PASADENA, Calif. — We give little thought to reaching for an object. Should something be in the way, we simply use our arm to go over or around whatever it is to grab whatever we want.
If you think about it, says Elizabeth Torres, a postdoctoral scholar in biology at the California Institute of Technology, it's a remarkable talent. The simple act of reaching and grasping involves a cascade of rapid-fire events. First, one of our senses, vision, eyeballs the object's location and distance. Next, the brain determines what "degrees of freedom" of the limb are needed to grab it--what angle of the elbow, what rotation of the shoulder, how far to turn the wrist and bend the fingers. Finally comes the determination of the appropriate speed for extending the arm, then stopping precisely at the object's location.
But what's long puzzled neuroscientists like Torres is how the brain translates two different "languages" into action: the sensory cues that come from our vision system--which feeds the brain information about the location, orientation, and shape of the object of desire--and the motor execution, the movement of bone and tissue that actually grabs it.
The answer? Geometry, suggests Torres. A transitional, geometric stage between sensory perception and motor actions, in which the brain simulates a task such as grasping an object without actually moving the arm. Her research, which provides further insights into the marvelously complicated workings of the brain, has been published in the May issue of the Journal of Applied Physiology and was selected as a "Highlighted Topic" by the journal.
The conventional wisdom for solving such goal-directed behavior as reaching and grasping has relied on the assumption that the brain has exquisite timing, knowing exactly how long any movement will take before it initiates it. Reaching for a glass of water a foot away takes a certain amount of time at an appropriate speed, a speed different from (way slower than) the speed needed to rescue a glass that's about to tip over. That assumption about timing came from prior biological motor-control studies, and made sense, says Torres, because the data has always come from experiments that use very simple, straightforward reaching movements. In humans, such simple movements are mastered at about the age of seven months. Indeed, such motions become so automatic after a while that the timing for each repetition of the same movement is consistent down to the millisecond.
However, the way in which more complex movements evolve as the system learns to perform them is a different story. In everyday life we are faced with the need to solve new motions all the time. For instance, the familiar and simple task of opening the door to our home requires a new motion if we are carrying a tall stack of books that blocks our view of the door's lock. In that case, the old strategy that would elicit an automatic movement with an exact duration would fail us under the new circumstances.
Torres's approach ignores timing, proposing that during learning, the spatial and the temporal components of the motion can be separated.

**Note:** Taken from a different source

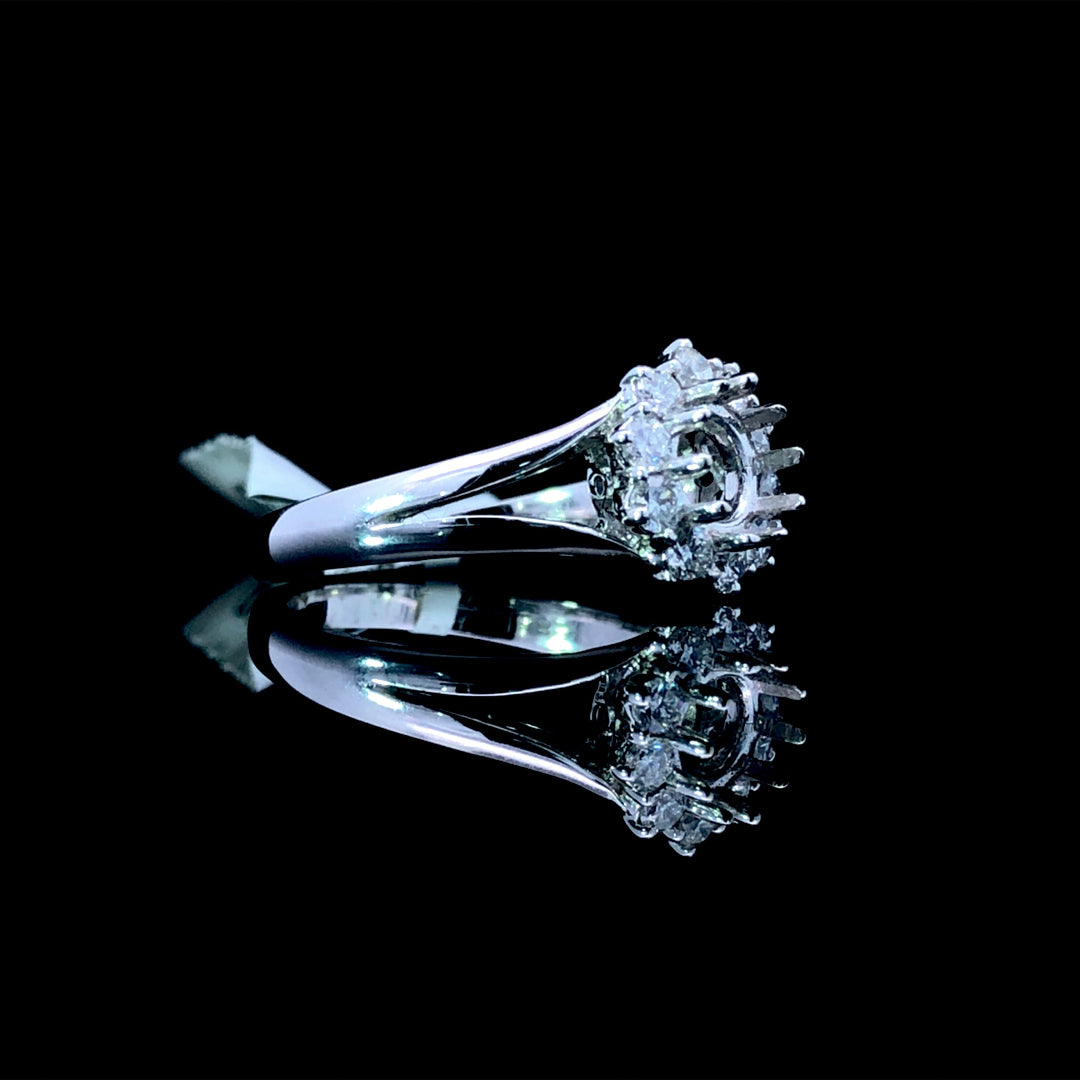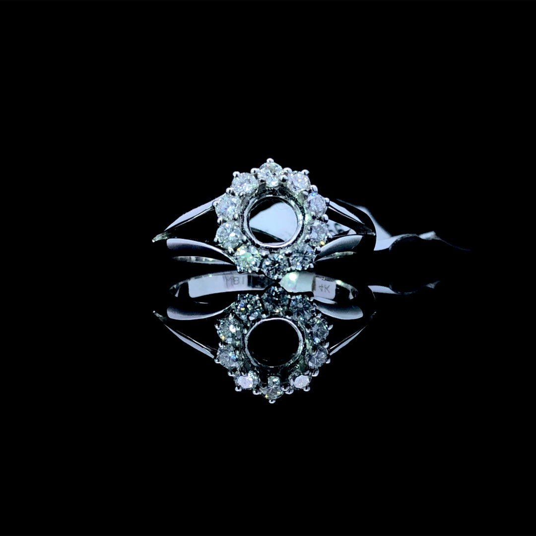 Create a one-of-a-kind engagement ring with this timeless semi mount. Featuring a radiant round halo adorned with .41ctw of brilliant round diamonds, the 14kt white gold split shank band provides an elegant foundation for your selected center stone. Explore our curated selection of premium loose diamonds and gemstones to discover the perfect stone to complete a piece that is truly yours. Price is for the semi mount only. Center stone will be added at an additional cost. This ring is a size 6.5. If that size is not a perfect fit, first time sizing is free at the time of purchase. Additional sizing fees may apply.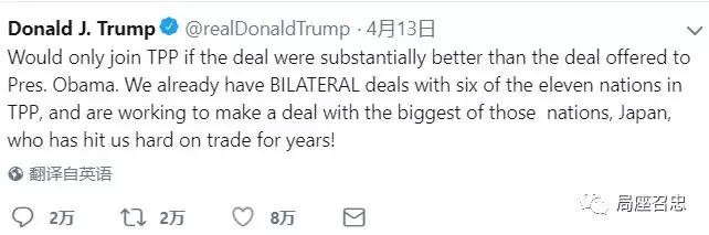 然后,特朗普随后就发布了推特往日本身上扎了一刀:只有在获得更多实际利益的情况下,他才会考虑加入TPP,“日本已经在贸易上严重打击我们好多年!”

In her view, the brain first determines a path that, in the case of arm movements, leads the hand along the most optimal direction to solve the task geometrically in a given context. This means the brain takes into consideration the relationships of other objects to the goal (the telephone in front of the water glass), and the amount of physical space the arm will have to work in. This geometric path is special in that it can be traversed with different timing and still be the same path. For instance, the straight line between two points in space creates a path that is the shortest distance joining them. This path is unique in that no other path qualifies as the shortest one between these two points. Thus, no matter how one travels along it, fast, slow, or slowing down and speeding up, it is still the shortest path.
Only later, says Torres, does the brain learn how to adjust the timing to best traverse the path. This is analogous to the way in which a dancer learns the choreography of a particular dance, or a musician learns to perform a piece. First, they master the motion that gives the desired outcome, and then they adjust the timing of this motion to bring the movement to perfection. Eventually, they become so proficient at it that they can put emotion into it, thus reaching a new level of performance.
More recently, behavioral data collected in the lab of Caltech's Richard Andersen, the James G. Boswell Professor of Neuroscience, lends support to Torres's theory. The data shows how nonhuman primates learn to avoid obstacles. Indeed there is a clear separation between learning or forming a geometric solution to a particular object, and that solution becoming automatic. Learning consists of forming a geometric strategy, the best path to use in space with respect to a particular set of goals. It becomes an automatic movement only later, when the best time profile is uncovered that best traverses that particular path.
Torres says that without the electrophysiological data from the brain, it's hard to confirm whether this theoretical idea makes sense as a brain solution for learning goal-oriented behaviors. Thus her current research in Andersen's lab focuses on the monitoring of learning and adaptation as they evolve in the non-human primate, in a part of the brain known as the posterior parietal area.
"Dr. Torres is a truly remarkable scientist," says Andersen. "As a graduate student at UCSD she developed a completely novel geometric theory of motor control. She is now testing her theory with experiments here at Caltech and already has results that support her ideas."
"As in a game of chess, through action simulation one can anticipate various outcomes before making a definite move," adds Torres. "Finding evidence in support of this geometric stage, where actions are simulated before actually being executed, would be a first step toward understanding how new motor skills may be acquired all the time."